The charter also established a National Security Council that in theory could be convened and act without the president's consent, and granted the armed forces a sweeping arbiter's role as "guarantors of institutionality." That potentially intrusive authority would now be removed from the Constitution, and the powers of the National Security Council would be curtailed.
In addition, the reform package, which has already been approved by the Senate and is expected to pass in the lower house, demilitarizes the national police by transferring their control from the Defense Ministry to the Interior Ministry.
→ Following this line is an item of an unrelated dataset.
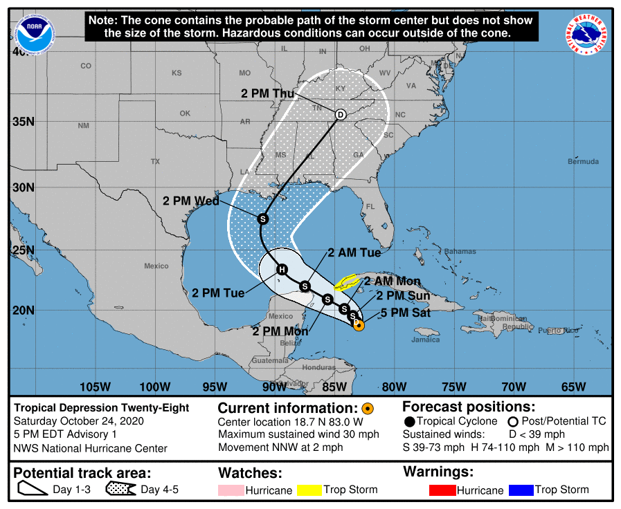 While I don’t attribute the following to not passing the exam, the preceding days were interesting and worth telling the story. Beginning on October 24, Hurricane Zeta set it’s sights on a Louisiana landfall.

In his moves to weaken the ability of his civilian successors to undo his authoritarian system, General Pinochet also installed an unusual "binominal" electoral system that virtually guarantees minority overrepresentation in Congress. That system still remains in place, but under the reform package, it is to be removed from the Constitution and has been recast as an ordinary statute. But some analysts do not believe that the proposed reforms go far enough. Through the Pinochet electoral system, "the right still retains veto power," complained Felipe Portales, author of the book "Chile: A Democracy Under Tutelage" and a critic of the military. "The era of formal military tutelage may be ending, but much of the basic legislation the dictatorship left behind also remains in place, which makes it difficult to reform the labor, health, tax, social security and education codes."
Former President Eduardo Frei Ruiz-Tagle, who had to govern for six years with his hands tied by the limits General Pinochet had imposed, has called for the Constitution to be junked altogether and wants a constitutional assembly to be convened to write a new charter, but that proposal has won little support.
"This Constitution is Pinochet's, and it still has a lot of features that haven't been touched and don't belong in a democratic constitution," said Carlos Huneeus, director of the Center for the Study of Contemporary Reality. "We need a constitutional architecture that has nothing to do with Pinochet, but calling a constitutional assembly would open a Pandora's box."